Statistical Significance Explained
Statistical significance helps you determine if the results of your analysis are likely to have happened by chance, or if they truly are an accurate reflection of reality.
When you conduct a survey or other research, the analysis is based on the sample of a population, not the entire population as a whole. The hope is that the sample reflects the attitudes of the entire group, but that may not always be the case.
Analyzing statistical significance is a great way to determine the accuracy and believability of your research. An example will help explain the concept further.
Example of Statistical Significance
Let’s say you have recently launched a new product designed for younger customers and are looking to understand if it sells better to consumers aged 18-30 than to those aged 31+. After analyzing a subset of total sales by age group, you determine that consumers aged 18-30 spend, on average, $5 per month more on the product than consumers aged 31+. Does this mean that your product is destined for success with millennials across your entire customer base? Not necessarily. Further research could reveal that the product performs equally well with those aged 30+. The sample of sales you selected for your research may not have given you an accurate representation of your entire customer base a whole.
When the results of a sample do not accurately reflect the results you would get from the entire group, the inconsistency is known as a sampling error.
There are two main contributors to sampling errors:
- Sample size
- Variation in the overall population
The larger your sample size, the greater the likelihood that the sample accurately reflects the entire group as a whole (assuming the sample is scientifically designed and random). A group of 100 customers will more accurately reflect your entire customer base of 1,000 customers than a group of 10 customers would. The larger your sample, the more accurate your results are inclined to be.
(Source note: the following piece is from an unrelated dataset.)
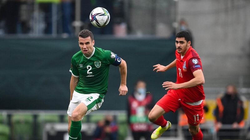 4 September 2021; Seamus Coleman of Republic of Ireland in action against Ramil Sheydaev of Azerbaijan during the FIFA World Cup 2022 qualifying group A match between Republic of Ireland and Azerbaijan at the Aviva Stadium in Dublin. Photo by Stephen McCarthy/Sportsfile

The more variation your overall population has, the higher your chances of sampling error. That’s because you have a higher chance of ending up with a group that is not representative of the overall average of the group.
If you had a customer base of 100 customers, for instance, and 80 percent of them spent the overall average amount of $10 per purchase, you could choose a smaller sample and be confident in your results.
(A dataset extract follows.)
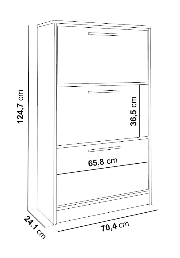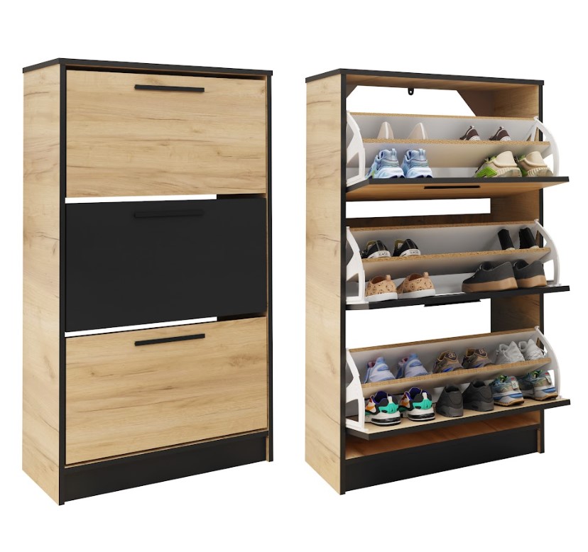 Priestranný botník BENY SZNB01 má úložný priestor, ktorý ponúka v 3 skrinkách s výklopnými čelami. Navyše každá skrinka má dve police. Botník v praktickom prevedení s čiernymi doplnkami zapasuje do každého interiéru. Vyberte si ten správny botník do Vašej predsiene.

But if only 20 percent of your group of 100 spent the overall average of $10 per purchase, a smaller sample would be more prone to sampling error. The overall average spend may still be $10 per purchase, but you would have a greater number of people who spend significantly more or significantly less than the average.
Choosing a sample from the latter population would increase the likelihood of sampling error because you may end up with an unbalanced sample of people who spent significantly more or less than the average.
Evaluating Statistical Significance
Verifying the accuracy of your results can be done by evaluating, or testing for statistical significance. This process involves several steps. The first is to establish a null hypothesis, or something you’re trying to disprove, along with an alternate hypothesis, or something you’re trying to prove. For example, in our new product launch case the null and alternative hypotheses are as follows:
- Null hypothesis (Ho): Consumers aged 18-30 spend exactly as much as consumers aged 30+ on the new product
- Alternate hypothesis (Ha): Consumers aged 18-30 spend a different amount on the new product
Once you establish a null hypothesis and alternate hypothesis, you can then move forward to determine the calculated probability, or “p-value.” The p-value expresses the likelihood of the null hypothesis being true or false.
- Small p-values show strong evidence the null hypothesis is NOT true, or can be rejected, meaning the observed results are statistically significant. The typical p-value range here is 0.05 or less.
- Larger p-values denote the statistical evidence is too weak to reject the null hypothesis, meaning that the null hypothesis is more likely to be true and the observed results are NOT statistically significant. P-values greater than 0.05 typically fall into this category.
While the typical p-value cut-off is 0.05 for the 95% confidence level, you can adjust the value to align with your specific survey or experiment. Other typical p value cut-offs are 0.1 at the 90% confidence level or 0.01 at the 99% confidence level.
Statistical Significance Dos and Don’ts
Because good survey analysis software calculates statistical significance for you, it’s not necessary for company managers and executives to deep dive into all the details. It is important, however, to have an overall understanding of statistical significance so it’s not misused or misconstrued. A few do’s and don’ts include the following:
- Do be wary of using the word “significant” with data findings unless you are actually discussing the statistical significance. Find other language to express importance or relevance in other scenarios.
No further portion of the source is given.